## DIRECTIONS
Copy every record word for word. Pictures are not part of the copy.

[Stored items from a collection]
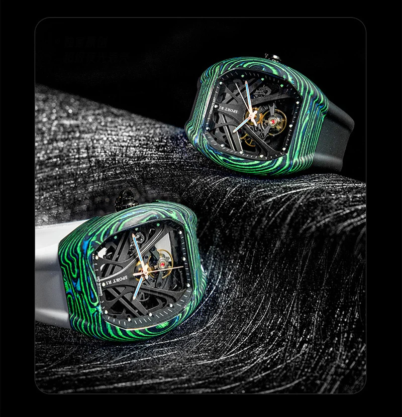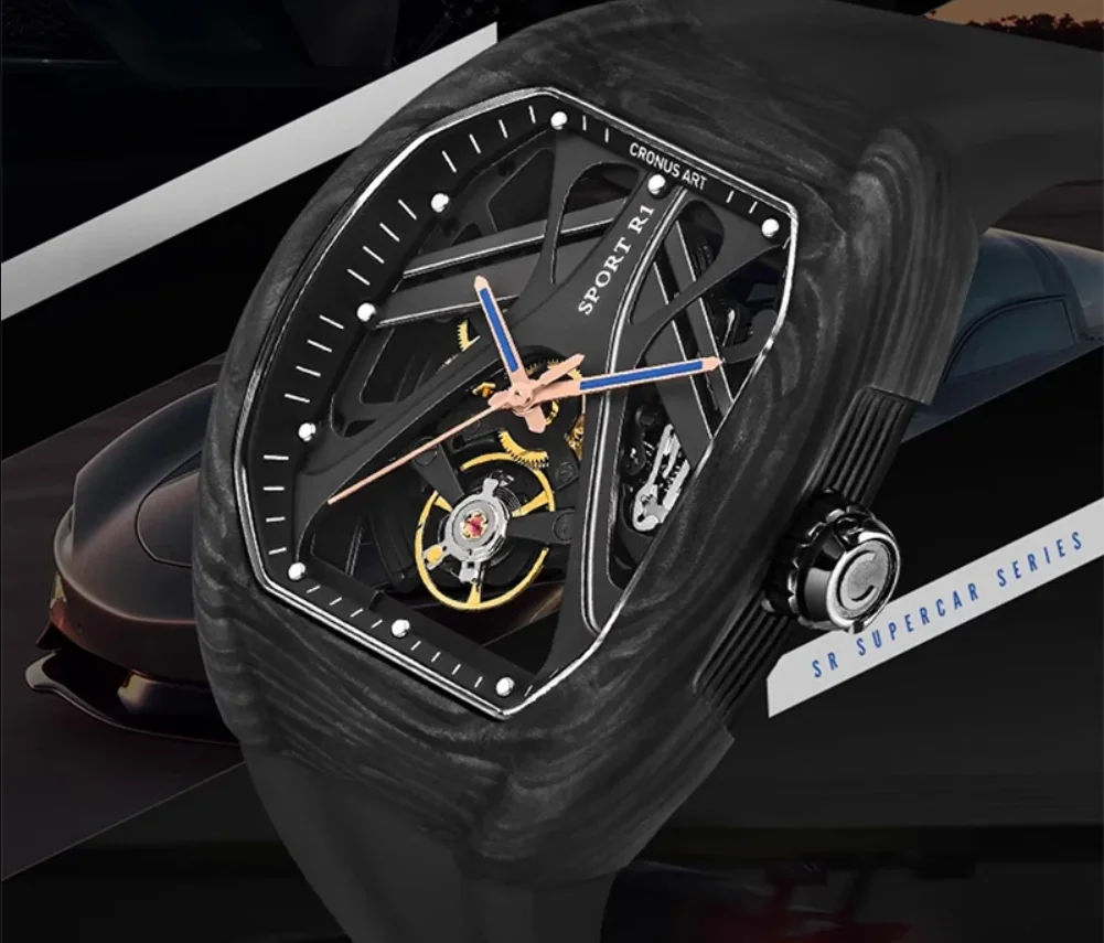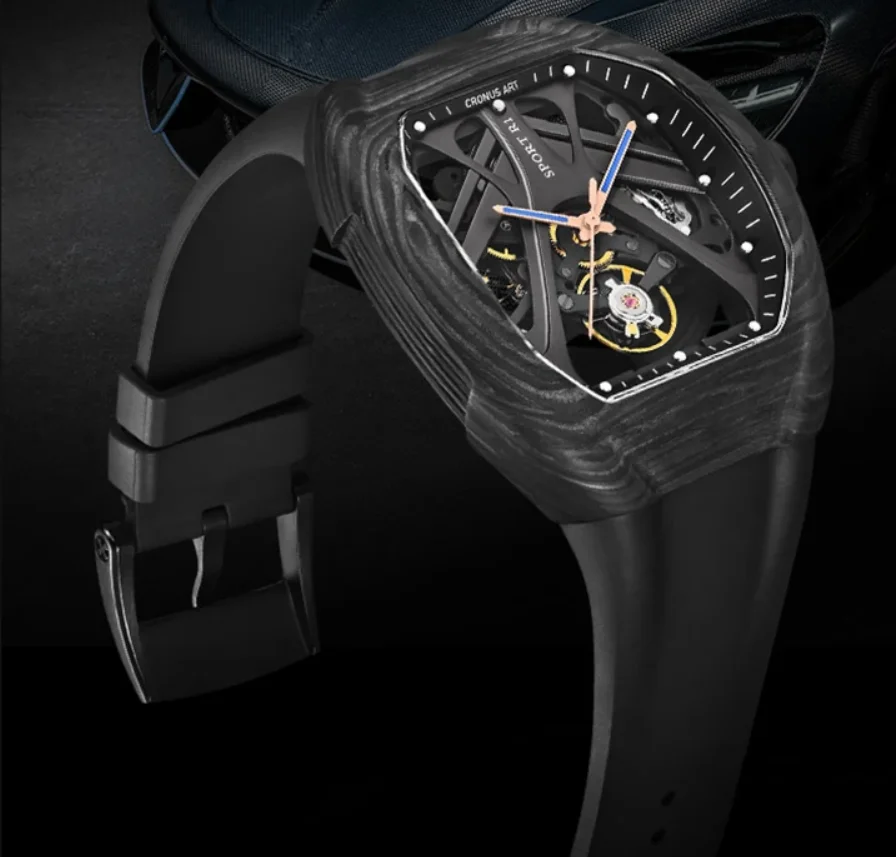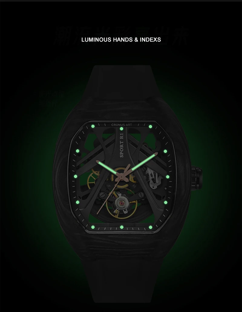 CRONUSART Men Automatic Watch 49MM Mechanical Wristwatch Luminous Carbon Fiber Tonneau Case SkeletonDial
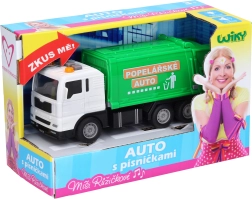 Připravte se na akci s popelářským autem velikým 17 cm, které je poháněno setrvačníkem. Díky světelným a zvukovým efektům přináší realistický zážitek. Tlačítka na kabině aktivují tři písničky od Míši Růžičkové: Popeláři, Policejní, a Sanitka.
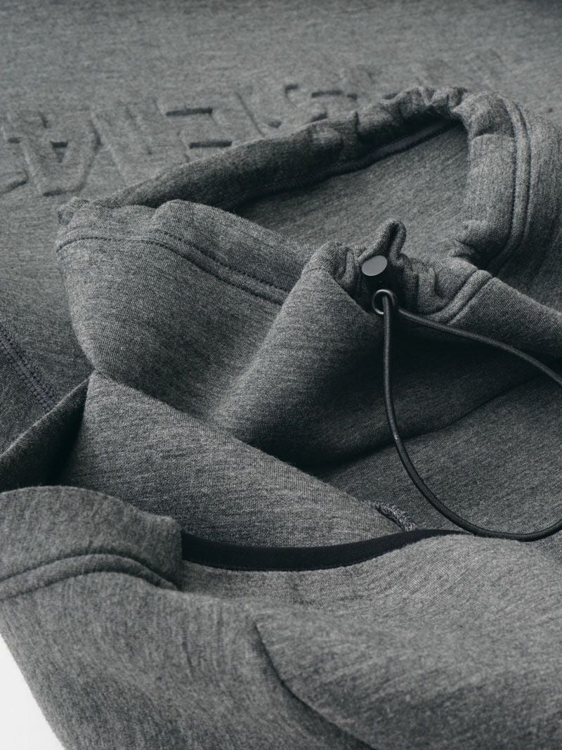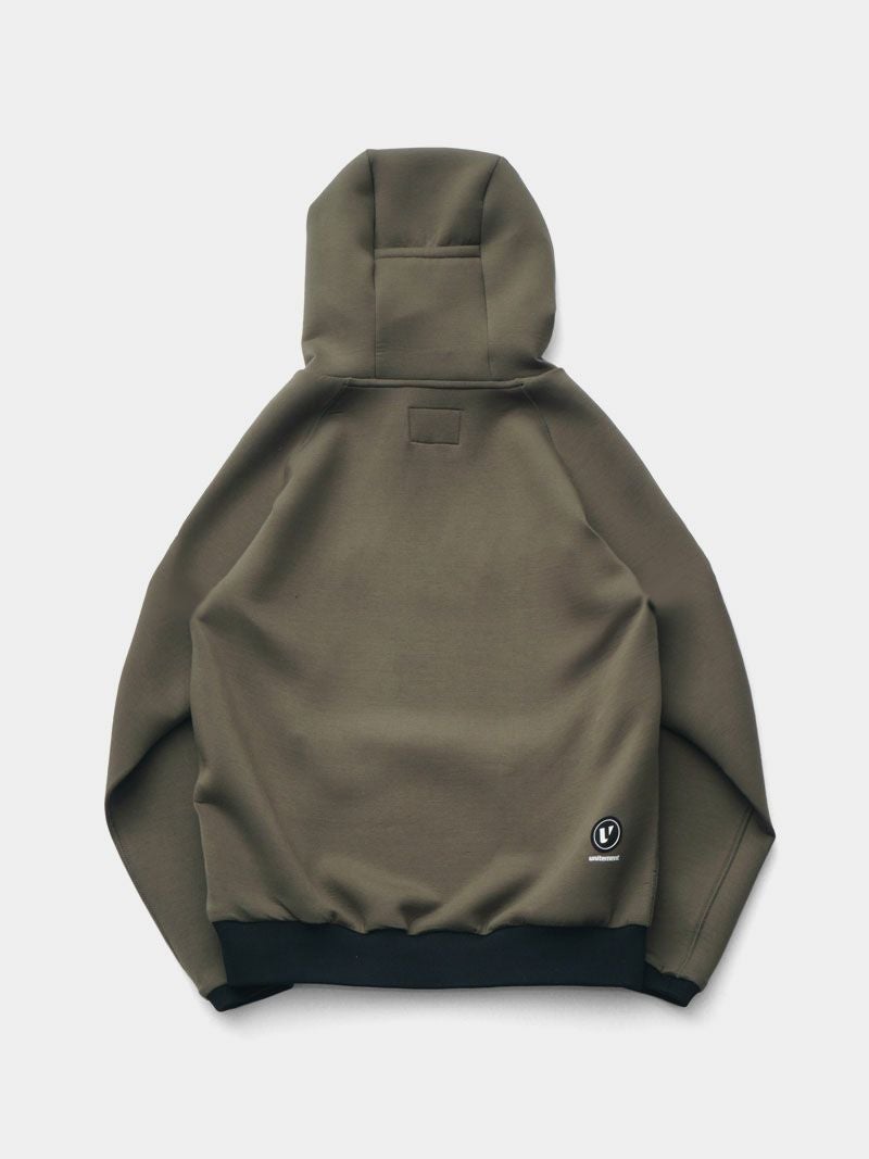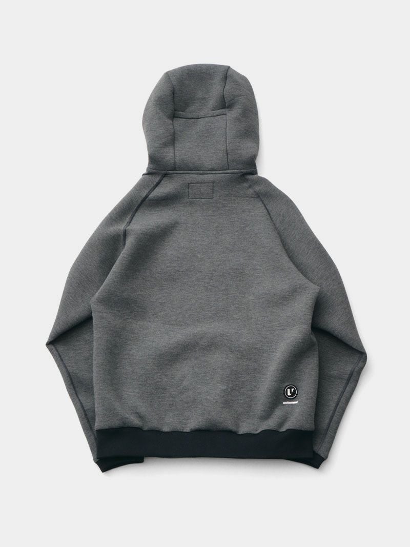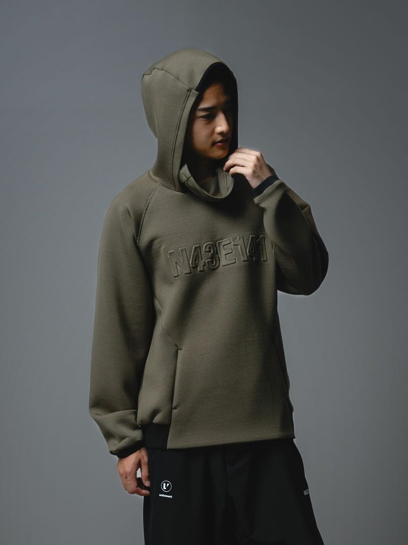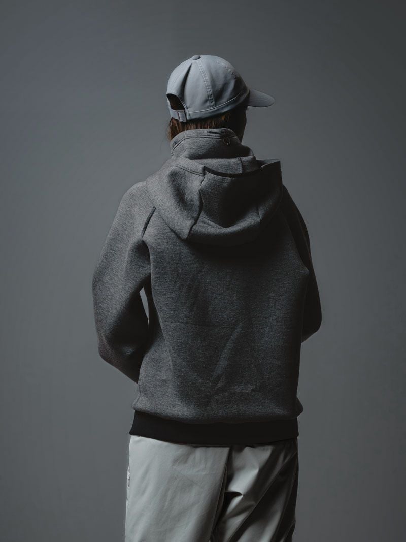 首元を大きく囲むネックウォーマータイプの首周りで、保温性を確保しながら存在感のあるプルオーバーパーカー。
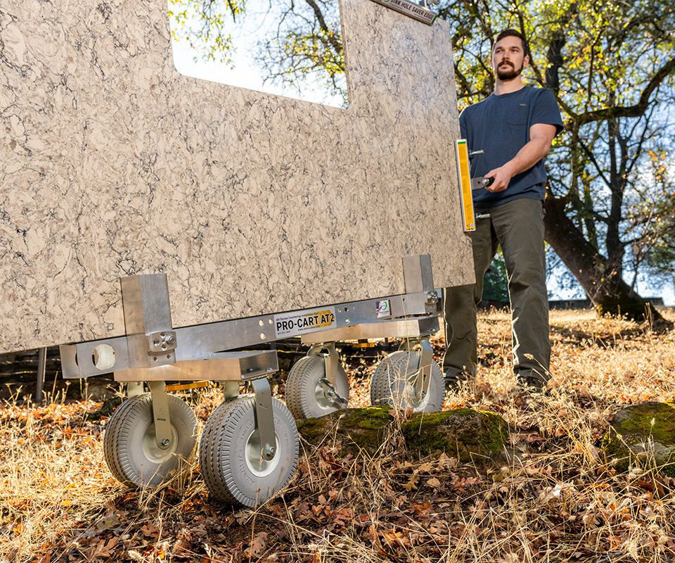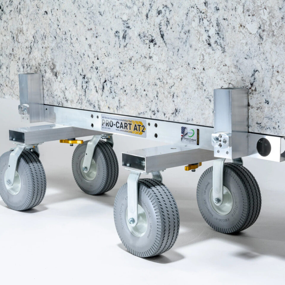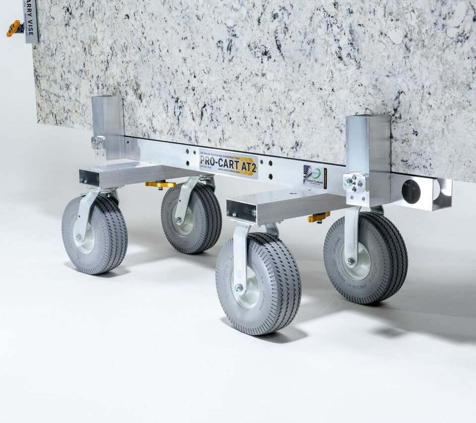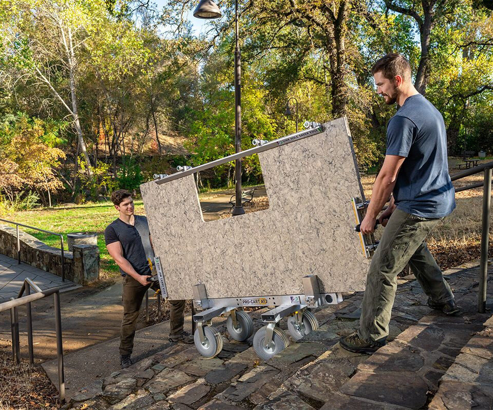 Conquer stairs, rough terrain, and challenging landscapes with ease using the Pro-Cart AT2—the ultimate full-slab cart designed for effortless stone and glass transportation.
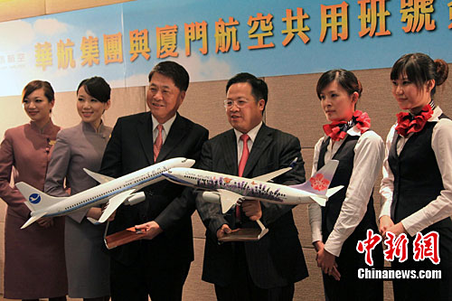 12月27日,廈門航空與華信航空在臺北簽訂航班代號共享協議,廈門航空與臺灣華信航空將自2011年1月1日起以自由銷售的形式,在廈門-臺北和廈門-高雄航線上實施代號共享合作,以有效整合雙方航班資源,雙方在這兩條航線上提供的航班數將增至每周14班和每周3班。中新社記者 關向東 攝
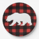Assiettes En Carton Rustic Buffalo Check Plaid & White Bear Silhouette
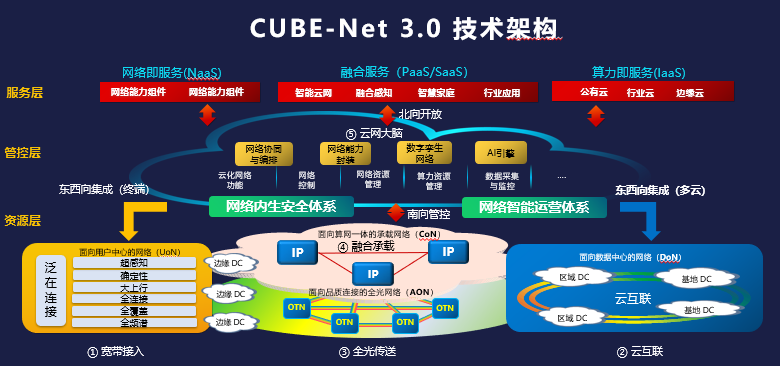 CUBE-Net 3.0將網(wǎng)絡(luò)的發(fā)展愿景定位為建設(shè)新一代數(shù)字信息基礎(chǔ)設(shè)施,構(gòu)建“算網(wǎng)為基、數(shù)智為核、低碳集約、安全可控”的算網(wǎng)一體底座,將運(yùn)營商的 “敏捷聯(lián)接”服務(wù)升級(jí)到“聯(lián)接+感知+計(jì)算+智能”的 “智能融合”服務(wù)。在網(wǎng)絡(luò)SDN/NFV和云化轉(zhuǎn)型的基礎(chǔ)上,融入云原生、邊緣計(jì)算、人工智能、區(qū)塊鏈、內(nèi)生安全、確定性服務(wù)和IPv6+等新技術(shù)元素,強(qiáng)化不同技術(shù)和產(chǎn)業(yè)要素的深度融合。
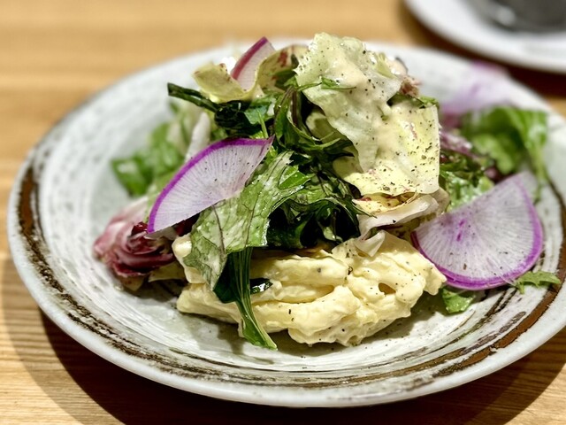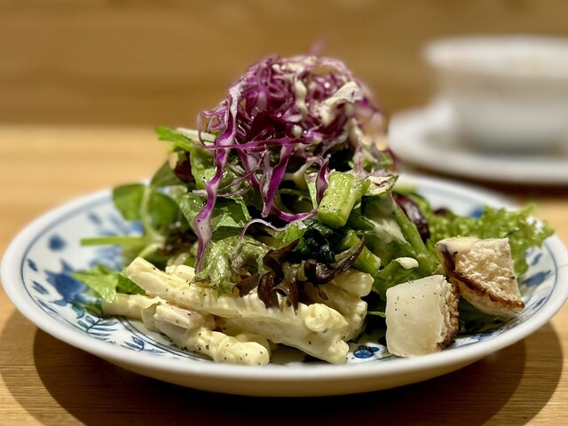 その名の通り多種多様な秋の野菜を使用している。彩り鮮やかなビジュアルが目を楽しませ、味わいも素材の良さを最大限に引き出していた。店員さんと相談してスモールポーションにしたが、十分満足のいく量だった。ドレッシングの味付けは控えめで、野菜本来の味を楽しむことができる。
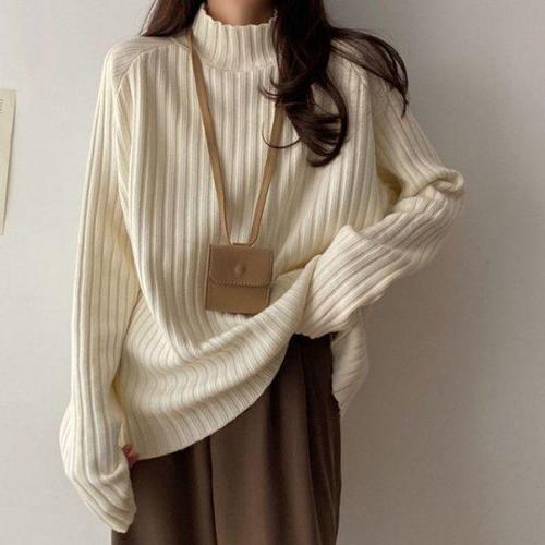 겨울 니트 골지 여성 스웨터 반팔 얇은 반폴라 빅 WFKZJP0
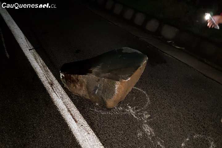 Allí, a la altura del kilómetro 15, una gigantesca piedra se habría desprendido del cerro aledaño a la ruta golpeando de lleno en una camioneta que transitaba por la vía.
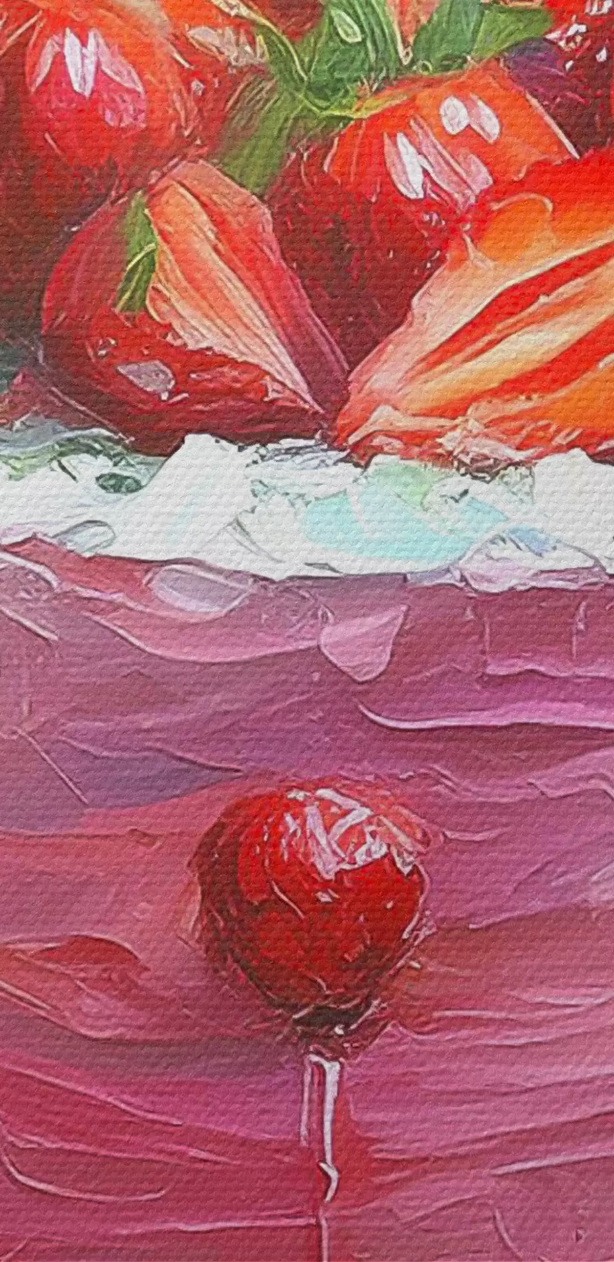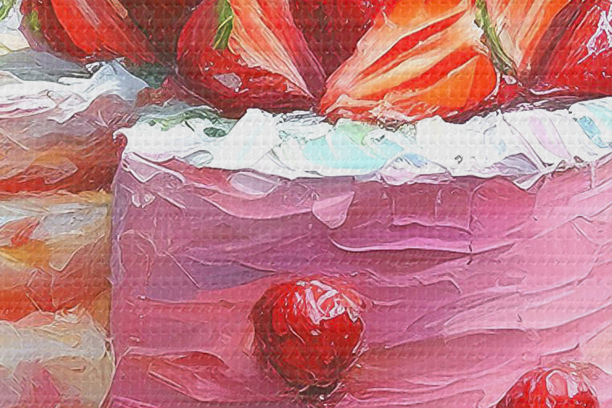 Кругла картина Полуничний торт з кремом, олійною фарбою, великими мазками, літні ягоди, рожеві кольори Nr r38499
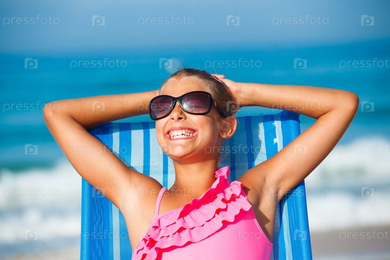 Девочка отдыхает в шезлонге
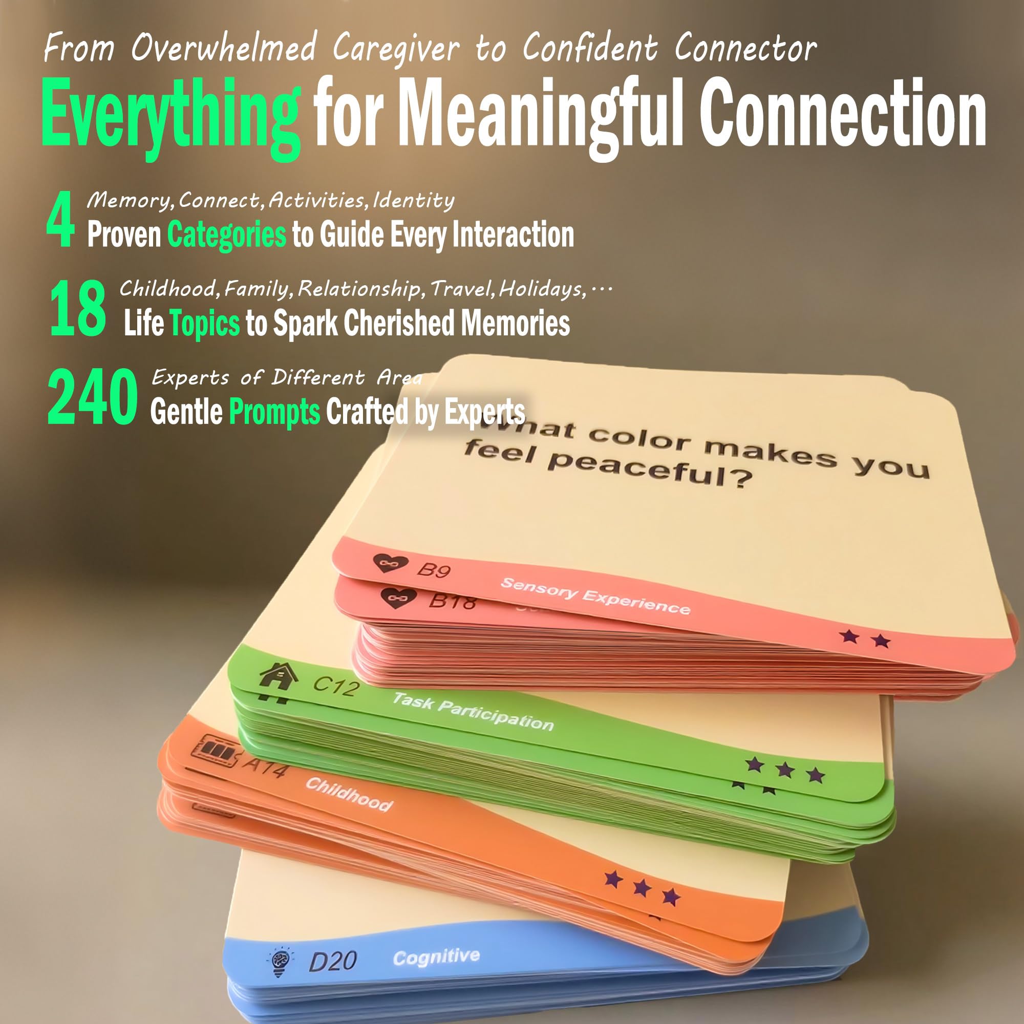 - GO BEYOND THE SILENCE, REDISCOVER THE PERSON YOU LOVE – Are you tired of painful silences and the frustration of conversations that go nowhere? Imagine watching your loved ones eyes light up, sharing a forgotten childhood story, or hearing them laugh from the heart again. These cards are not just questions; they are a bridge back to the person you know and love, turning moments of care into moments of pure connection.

## TASK OUTPUT
 CRONUSART Men Automatic Watch 49MM Mechanical Wristwatch Luminous Carbon Fiber Tonneau Case SkeletonDial
 Připravte se na akci s popelářským autem velikým 17 cm, které je poháněno setrvačníkem. Díky světelným a zvukovým efektům přináší realistický zážitek. Tlačítka na kabině aktivují tři písničky od Míši Růžičkové: Popeláři, Policejní, a Sanitka.
 首元を大きく囲むネックウォーマータイプの首周りで、保温性を確保しながら存在感のあるプルオーバーパーカー。
 Conquer stairs, rough terrain, and challenging landscapes with ease using the Pro-Cart AT2—the ultimate full-slab cart designed for effortless stone and glass transportation.
 12月27日,廈門航空與華信航空在臺北簽訂航班代號共享協議,廈門航空與臺灣華信航空將自2011年1月1日起以自由銷售的形式,在廈門-臺北和廈門-高雄航線上實施代號共享合作,以有效整合雙方航班資源,雙方在這兩條航線上提供的航班數將增至每周14班和每周3班。中新社記者 關向東 攝
Assiettes En Carton Rustic Buffalo Check Plaid & White Bear Silhouette
 CUBE-Net 3.0將網(wǎng)絡(luò)的發(fā)展愿景定位為建設(shè)新一代數(shù)字信息基礎(chǔ)設(shè)施,構(gòu)建“算網(wǎng)為基、數(shù)智為核、低碳集約、安全可控”的算網(wǎng)一體底座,將運(yùn)營商的 “敏捷聯(lián)接”服務(wù)升級(jí)到“聯(lián)接+感知+計(jì)算+智能”的 “智能融合”服務(wù)。在網(wǎng)絡(luò)SDN/NFV和云化轉(zhuǎn)型的基礎(chǔ)上,融入云原生、邊緣計(jì)算、人工智能、區(qū)塊鏈、內(nèi)生安全、確定性服務(wù)和IPv6+等新技術(shù)元素,強(qiáng)化不同技術(shù)和產(chǎn)業(yè)要素的深度融合。
 その名の通り多種多様な秋の野菜を使用している。彩り鮮やかなビジュアルが目を楽しませ、味わいも素材の良さを最大限に引き出していた。店員さんと相談してスモールポーションにしたが、十分満足のいく量だった。ドレッシングの味付けは控えめで、野菜本来の味を楽しむことができる。
 겨울 니트 골지 여성 스웨터 반팔 얇은 반폴라 빅 WFKZJP0
 Allí, a la altura del kilómetro 15, una gigantesca piedra se habría desprendido del cerro aledaño a la ruta golpeando de lleno en una camioneta que transitaba por la vía.
 Кругла картина Полуничний торт з кремом, олійною фарбою, великими мазками, літні ягоди, рожеві кольори Nr r38499
 Девочка отдыхает в шезлонге
 - GO BEYOND THE SILENCE, REDISCOVER THE PERSON YOU LOVE – Are you tired of painful silences and the frustration of conversations that go nowhere? Imagine watching your loved ones eyes light up, sharing a forgotten childhood story, or hearing them laugh from the heart again. These cards are not just questions; they are a bridge back to the person you know and love, turning moments of care into moments of pure connection.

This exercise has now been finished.